President Obama visited Iowa yesterday, and took the opportunity to remind everyone, especially agricultural swing state voters, that Congress, or as Obama would prefer it, the “Ryan Congress” (who’s this John Boehner guy you speak of?) can’t decide whether they want to undermine farmers through legislation, or through inaction. This was both disingenuous (what, campaign talk that isn’t 100% true? Outrage!) and important. Because the Farm Bill is the most important omnibus piece of social engineering that Congress has debated since the Affordable Care Act, and everybody there is getting it all wrong. Of course, we quite promptly shifted our attention on to the very important things, like Joe Biden saying “y’all” and the Romney campaign crying slander.
On these pages though, we will take a moment to parse the problem that farmers actually face. Most urgently, of course, it’s a drought. According to the USDA, the worst drought since the 1930s. Secondly, and only slightly less crucially, it’s a broken system of food production, created by consistently throwing bad policy after bad, Farm Bill after Farm Bill, for the past thirty years, and really, long before that. Up until recently, this bad policy was usually cooked up in the dark kitchen of K Street, far away from the light of national campaign rhetoric, which of course only encouraged the problem. The fact that this epic drought has put the Farm Bill debate into the headlines is the result of hard work by many concerned people to drag farm policy into the bright light of public discourse.
So why is the 2012 Farm Bill still all wrong? Mainly because it continues crop insurance policies that primarily benefit insurance companies, by giving farmers the money to buy their products, and America’s largest agribusinesses, by rewarding them for expanding vast monocultures of corn or soybeans. This expansion, in many areas, requires plowing up new tracts of marginal farmland. These same vast monocultures, and especially these marginal areas, are incredibly vulnerable to current drought conditions, meaning that insurance subsidy payment amounts, tied to the cost of crop insurance, and therefore necessarily rising as drought increases crop failures, will have been essentially set higher by the same piece of legislation that authorizes them.

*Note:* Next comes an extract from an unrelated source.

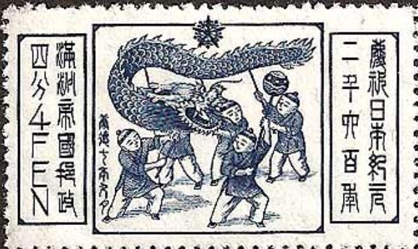 1940. Un tema recurrente y cambiante en la propaganda de Manchukuo durante toda su existencia fueron los lazos con Japón, país que primero fue «amigo fraternal», luego «hermano mayor» y, finalmente, «padre». Este sello fue emitido para conmemorar el 2600 aniversario de la creación de Japón.

Besides being bad on its own, continuing crop insurance subsidies leaves less money for programs that actually impact the majority of farmers, the environment, and our food system in positive ways. More money for conservation programs, programs that promote research into and adoption of sustainable agriculture practices, and programs that create more and better markets for nutritious fruits and vegetables (rather than the processed carbohydrates and salty meats that are cheaply available thanks to corn and soybean subsidies).
Note: I have intentionally left aside the issue of SNAP and Food Stamp program changes that form the bulk of expenditures in the Farm Bill because of the misinformation and hyper-partisanship surrounding them. That Farm Bill debate has completely stalled, and that both parties have abdicated responsibility for addressing serious structural issues in America’s food production system in favor of name-calling surrounding a difference of just $12 billion in cuts (out of more than $770 billion in scheduled funding) over the next ten years is, sadly, another typical low point for our dysfunctional legislature.